* _Assignment_: Restate, exactly as written, the entries below from the line that holds "Se não podem" through the line that holds "SEEBCG-MS, Neide Rodrigues.". Pictures are not part of the copy.

* _Entries provided_:

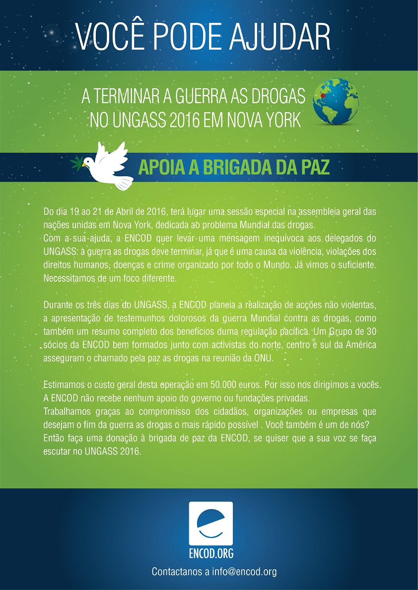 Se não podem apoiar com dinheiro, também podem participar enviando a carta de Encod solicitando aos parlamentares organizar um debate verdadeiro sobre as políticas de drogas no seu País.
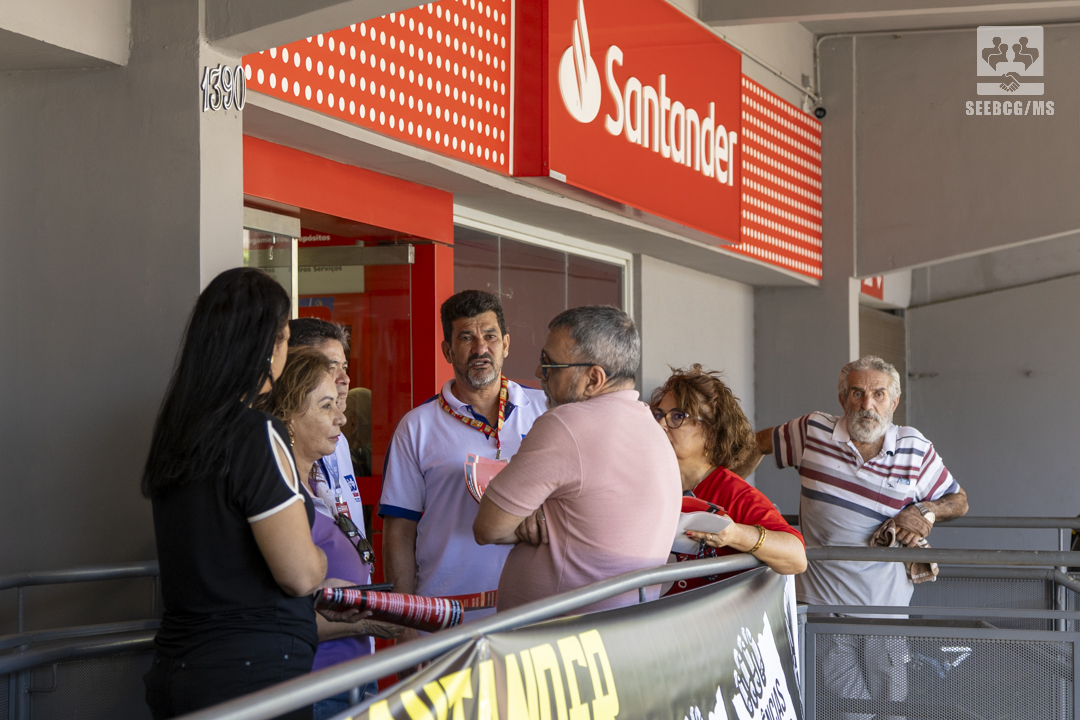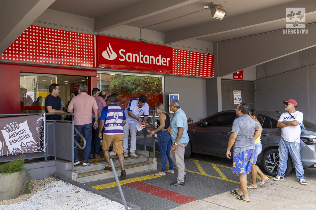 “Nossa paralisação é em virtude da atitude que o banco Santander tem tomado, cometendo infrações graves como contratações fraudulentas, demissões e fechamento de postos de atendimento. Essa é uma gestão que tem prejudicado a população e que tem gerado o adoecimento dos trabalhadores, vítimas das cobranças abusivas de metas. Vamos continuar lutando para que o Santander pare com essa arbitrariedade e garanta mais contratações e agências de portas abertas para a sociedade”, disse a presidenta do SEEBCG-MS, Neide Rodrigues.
---
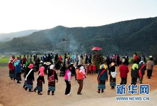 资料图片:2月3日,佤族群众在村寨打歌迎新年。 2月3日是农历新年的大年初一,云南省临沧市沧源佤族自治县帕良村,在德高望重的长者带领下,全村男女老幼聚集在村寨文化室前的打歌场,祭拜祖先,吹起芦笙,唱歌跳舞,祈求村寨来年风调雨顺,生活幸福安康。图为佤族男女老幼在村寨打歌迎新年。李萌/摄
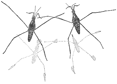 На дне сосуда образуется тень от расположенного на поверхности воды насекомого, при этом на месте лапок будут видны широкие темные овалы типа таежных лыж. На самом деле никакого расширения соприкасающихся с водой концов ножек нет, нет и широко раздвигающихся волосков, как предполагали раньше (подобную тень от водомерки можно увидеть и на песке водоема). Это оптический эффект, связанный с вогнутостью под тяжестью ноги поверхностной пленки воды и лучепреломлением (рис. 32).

* _Task answer_:
 Se não podem apoiar com dinheiro, também podem participar enviando a carta de Encod solicitando aos parlamentares organizar um debate verdadeiro sobre as políticas de drogas no seu País.
 “Nossa paralisação é em virtude da atitude que o banco Santander tem tomado, cometendo infrações graves como contratações fraudulentas, demissões e fechamento de postos de atendimento. Essa é uma gestão que tem prejudicado a população e que tem gerado o adoecimento dos trabalhadores, vítimas das cobranças abusivas de metas. Vamos continuar lutando para que o Santander pare com essa arbitrariedade e garanta mais contratações e agências de portas abertas para a sociedade”, disse a presidenta do SEEBCG-MS, Neide Rodrigues.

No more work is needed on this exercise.